Anthony G Cohn and Robert E Blackwell
April 2024, Updated June 2025
This repository is an online appendix and companion to our work on evaluating the ability of large language models to reason about cardinal directions [1,2].
The data
subdirectory contains the questions, answers, prompts and
LLM responses for our small and large experiments. Files are in
JSONL format.
The notebooks
subdirectory contains Jupyter notebooks and associated
Python code for processing the answers and plotting the figures used
in [2]. The notebooks also contain supplementary analyses.

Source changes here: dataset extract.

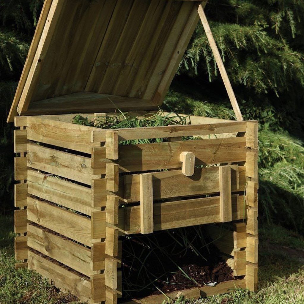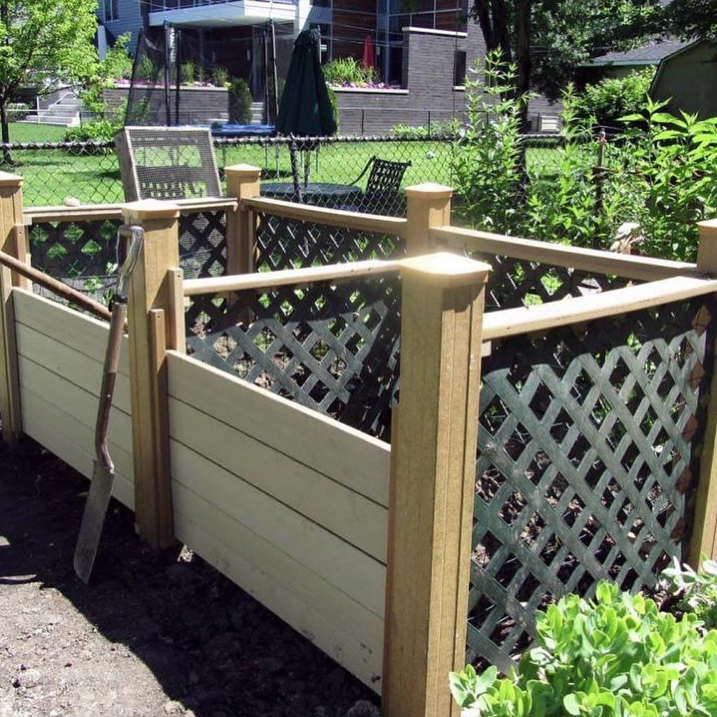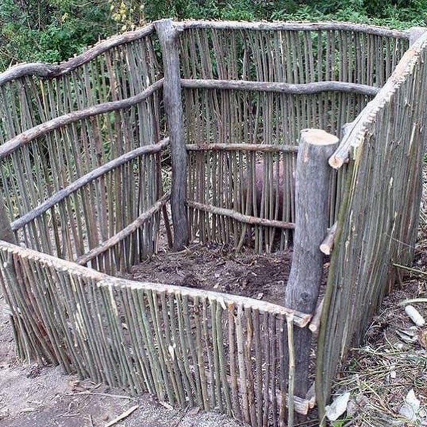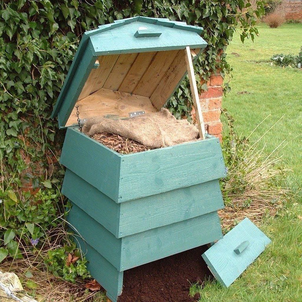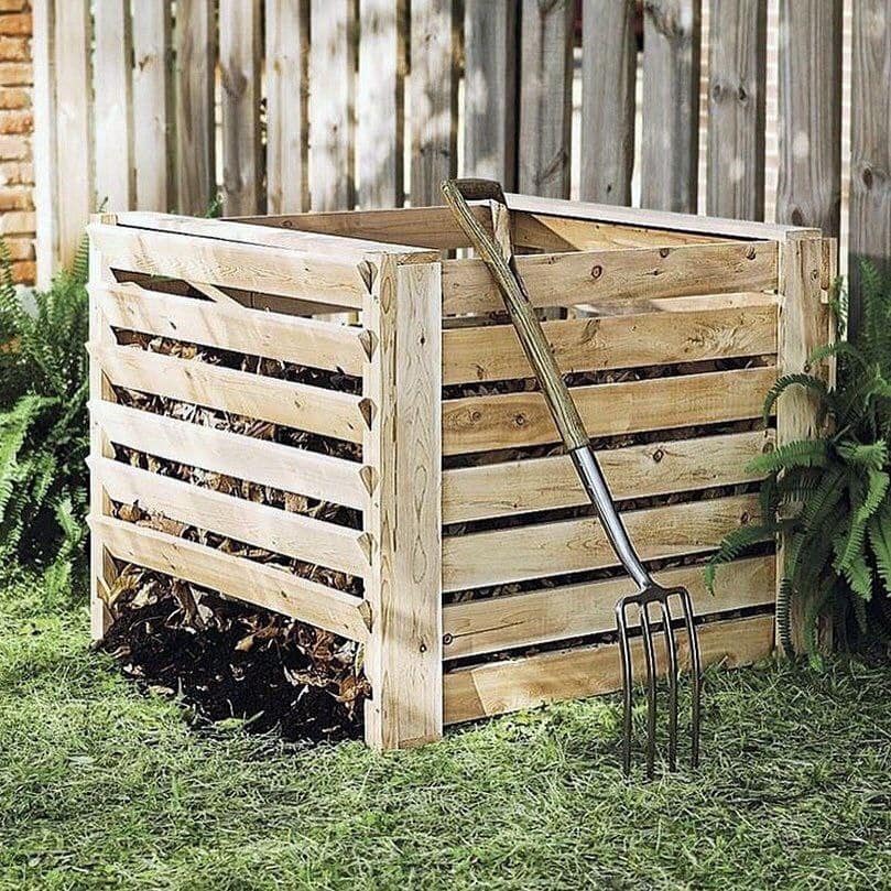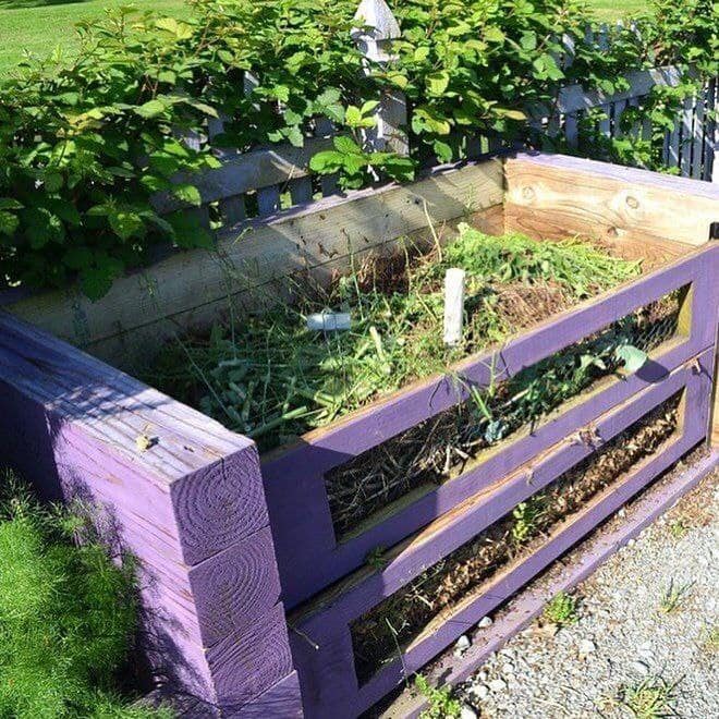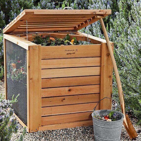 Функціональність. Нижні відсіки для компосту, верхні — для декоративних рослин у горщиках, які живляться готовим компостом. Додайте сітку на задній стінці для вентиляції.

Note that some of the answers.jsonl
files are large and so we
compress them with xz
. We have provided a bash script in the bin
directory to recursively find and uncompress the answer files prior to
running the Jupyter notebook.
All the QR2025 experiments were conducted using Golem.
[1] Anthony G Cohn and Robert E Blackwell. Evaluating the Ability of Large Language Models to Reason About Cardinal Directions (Short Paper). In 16th International Conference on Spatial Information Theory (COSIT 2024). Leibniz International Proceedings in Informatics (LIPIcs), Volume 315, pp. 28:1-28:9, Schloss Dagstuhl – Leibniz-Zentrum für Informatik (2024) COSIT 2024 short paper.
[2] Anthony G Cohn and Robert E Blackwell. Evaluating the Ability of Large Language Models to Reason About Cardinal Directions, Revisited. QR 2025 : 38th International Workshop on Qualitative Reasoning at IJCAI. IN PRESS.